Question

A nonconducting ring with a radius of 11.5 cm is uniformly charged with a total positive charge of 10.0 µC. The ring rotates at a constant angular speed of 18.0 rad/s about an axis through its center, perpendicular to the plane of the ring. What is the magnitude of the magnetic field on the axis of the ring 5.00 cm from its center?

Answer 1

Answer:

$B=1.21*10^{-10}T$

Explanation:

The magnitude of the magnetic field on the axis of the ring is given by:

$B=\frac{\mu_0 IR^2}{2(r^2+R^2)^{\frac{3}{2}}}(1)$

$\mu_0$ is the permeability of free space, $I$ is the flowing current  through the ring, $R$ is the ring's radius and $r$ is the distance to the center of the ring.

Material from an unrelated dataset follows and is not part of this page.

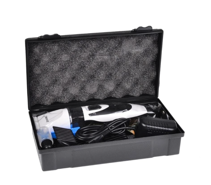 Masina de tuns animale Zoofari-DC58 CERAMIC este un instrument ideal pentru a fi utilizat de catre saloane de coafura canina si pentru animale de companie, cum ar fi caini, pisici, iepuri etc…Echipata cu lame ceramice profesionale, detasabile si ajustabile 0.8 – 2.0mm.Aceasta masina de tuns este echipata cu un motor puternic de 6500RPM, care va permite sa tundeti mai mult si mai rapid.O alta caracteristica importanta este functionarea silentioasa, astfel incat animalele nu se vor speria.Modelul Zoofari-DC58 beneficiaza o baterie reincarcabila 18650 – 2000mAh 3.7V.Masina este dotata cu 4 piepteni de ghidare (3, 6, 9 si 12 mm), astfel incat sa puteti schimba in functie de nevoile dvs. pentru a taia parul la lungimile si stilurile dorite mai precis si mai usor.Design-ul ergonomic, greutatea redusa (300g) si lipsa cablului de alimentare va permit sa utilizati masina mai usor.Masina profesionala Zoofari-DC58 este conceputa pentru a va putea tunde cu usurinta animalul de companie.Motor puternic intern de 6500RPM – Ofera o functionare continua timp de 5 oreIncarcarea se face in 3.5 ore, la priza 220V.Echipata cu un set de cutite profesionale ce pot fi detasate si curatate/spalate foarte usor, cu apa calda si sapun.Dupa fiecare tundere, se recomanda scoaterea cutitelor, spalarea si ungerea acestora. Caracteristici:Adecvat pentru taierea / tunderea si tunsul animalelor de companie;Motor puternic si durabil, cu functionare continua timp de 5 h;Lame de mare precizie si performante;4 piepteni de ghidare (3, 6, 9 & 12mm);Pentru a reduce parul la lungimile si stilurile dorite;Masina Zoofari-DC58 Carbon ofera o utilizare stabila, lina si silentioasa;Design ergonomic, greutate redusa si cablu de alimentare lung;Usor de folosit. Specificatii:Structura compacta si durabila;Motor: 6500RPM;Tensiune: 220 ~ 240V;Frecventa: 50 Hz;Ghidaj pieptene: 3, 6, 9 & 12mm;Greutate: aprox. 300 g;Timp de functionare continua 5 h;Timp de incarcare 3.5 h. Include:1 x Cutie din plastic pentru depozitare;1 x Masina pentru animale de companie;4 x pieptene de ghidare (3, 6, 9 & 12mm);1 x perie de curatare;1 x lubrifiant lichid

The flowing current  through the ring is defined as the ring's charge divided into the time taken by the charge to complete one revolution, that is, the period $T=\frac{2\pi}{\omega}$. So, we have:

$I=\frac{q}{T}\\I=\frac{q}{\frac{2\pi}{\omega}}\\\\I=\frac{\omega q}{2\pi}\\I=\frac{18\frac{rad}{s}(10*10^{-6}C)}{2\pi}\\I=2.87*10^{-5}A$

Now, replacing in (1):

$B=\frac{(4\pi*10^{-7}\frac{T\cdot m}{A})(2.87*10^{-5}A)(0.115m)^2}{2((0.05m)^2+(0.115m)^2)^{\frac{3}{2}}}\\B=1.21*10^{-10}T$